──────── Recorded data

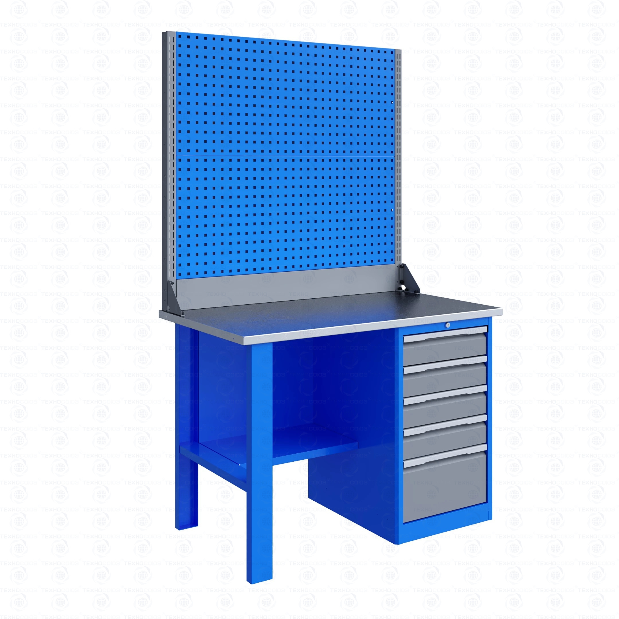 Тумба верстака - сварная. Ящики в тумбе устанавливаются на шариковых телескопических направляющих полного выдвижения. В тумбе P5 установлено четыре малых и один большой ящика. Внутренние размеры малых ящиков (ВхШхГ), не более: 103 х 397 х 520 мм. Внутренние размеры больших ящиков (ВхШхГ), не более: 222 х 397 х 520 мм. Тумбы с ящиками снабжены общим центральным замком с поворотом ригеля 180 градусов и подпружиненной тягой. В комплекте два ключа.
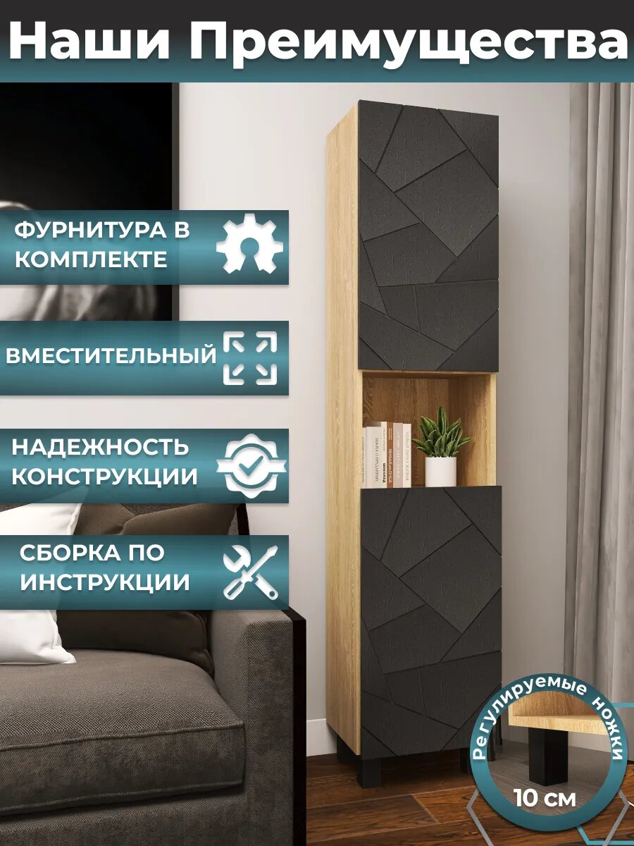 СохранитьШкаф-пенал напольный "Клэо-40", графит под дерево, 180х40х32, с ножками, 5 полок интересное:
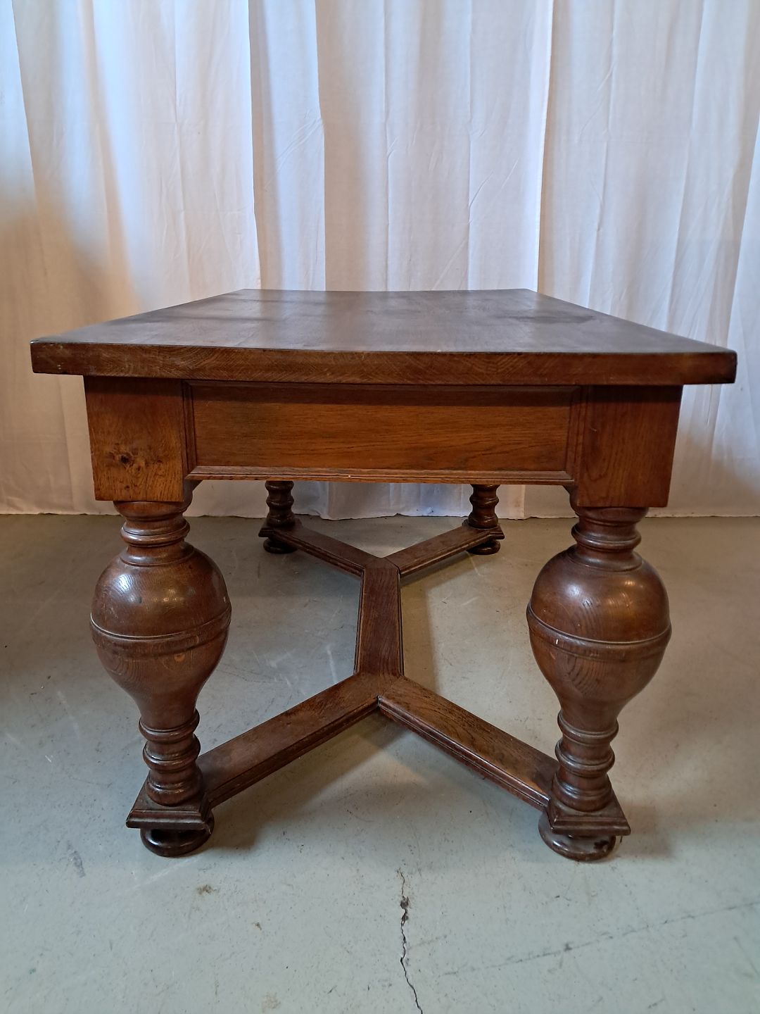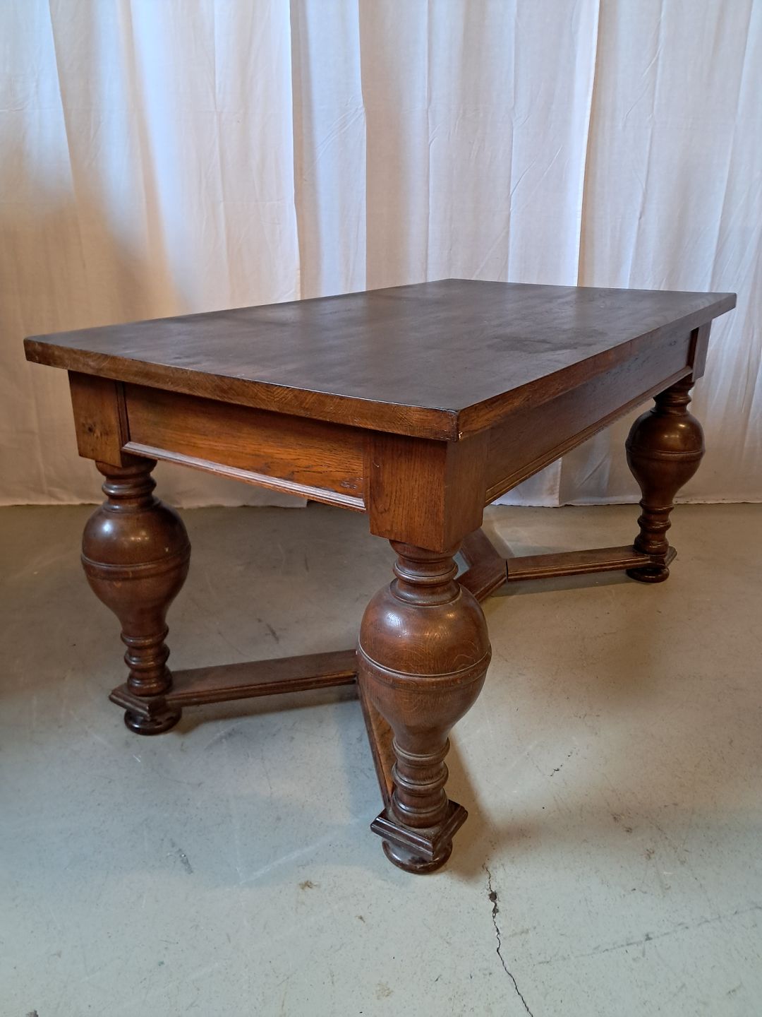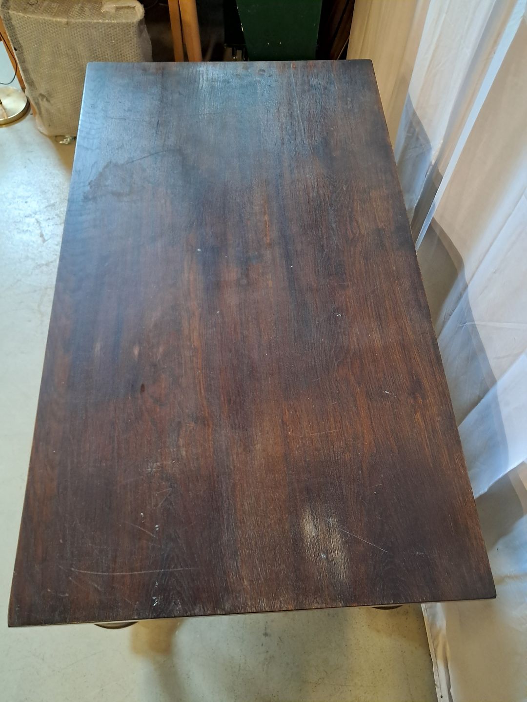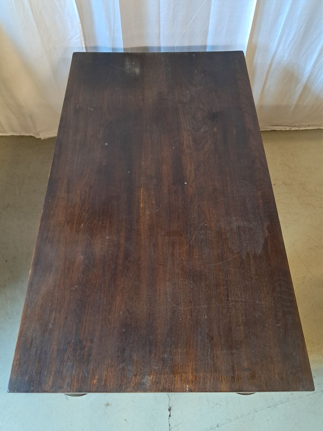 Bord i fineret egetræ, fra 1930erne. Det har brugsspor. Højde 76cm Bredde 82cm Længde 145cm Emne nummer: 76999
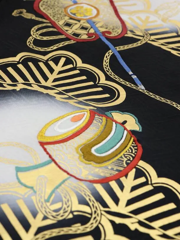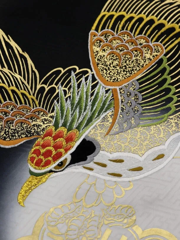 黒地に、鷹と軍配が描かれたお着物です。大きく翼を広げた鷹は刺繍が施されており、豪華で華やかな雰囲気です。正統派な柄は格調高い美しさをより一層引き立てます。

────────────────

Description of the task:
Please set down the whole listing exactly, apart from the pictures.

Response to the task:
 Тумба верстака - сварная. Ящики в тумбе устанавливаются на шариковых телескопических направляющих полного выдвижения. В тумбе P5 установлено четыре малых и один большой ящика. Внутренние размеры малых ящиков (ВхШхГ), не более: 103 х 397 х 520 мм. Внутренние размеры больших ящиков (ВхШхГ), не более: 222 х 397 х 520 мм. Тумбы с ящиками снабжены общим центральным замком с поворотом ригеля 180 градусов и подпружиненной тягой. В комплекте два ключа.
 СохранитьШкаф-пенал напольный "Клэо-40", графит под дерево, 180х40х32, с ножками, 5 полок интересное:
 Bord i fineret egetræ, fra 1930erne. Det har brugsspor. Højde 76cm Bredde 82cm Længde 145cm Emne nummer: 76999
 黒地に、鷹と軍配が描かれたお着物です。大きく翼を広げた鷹は刺繍が施されており、豪華で華やかな雰囲気です。正統派な柄は格調高い美しさをより一層引き立てます。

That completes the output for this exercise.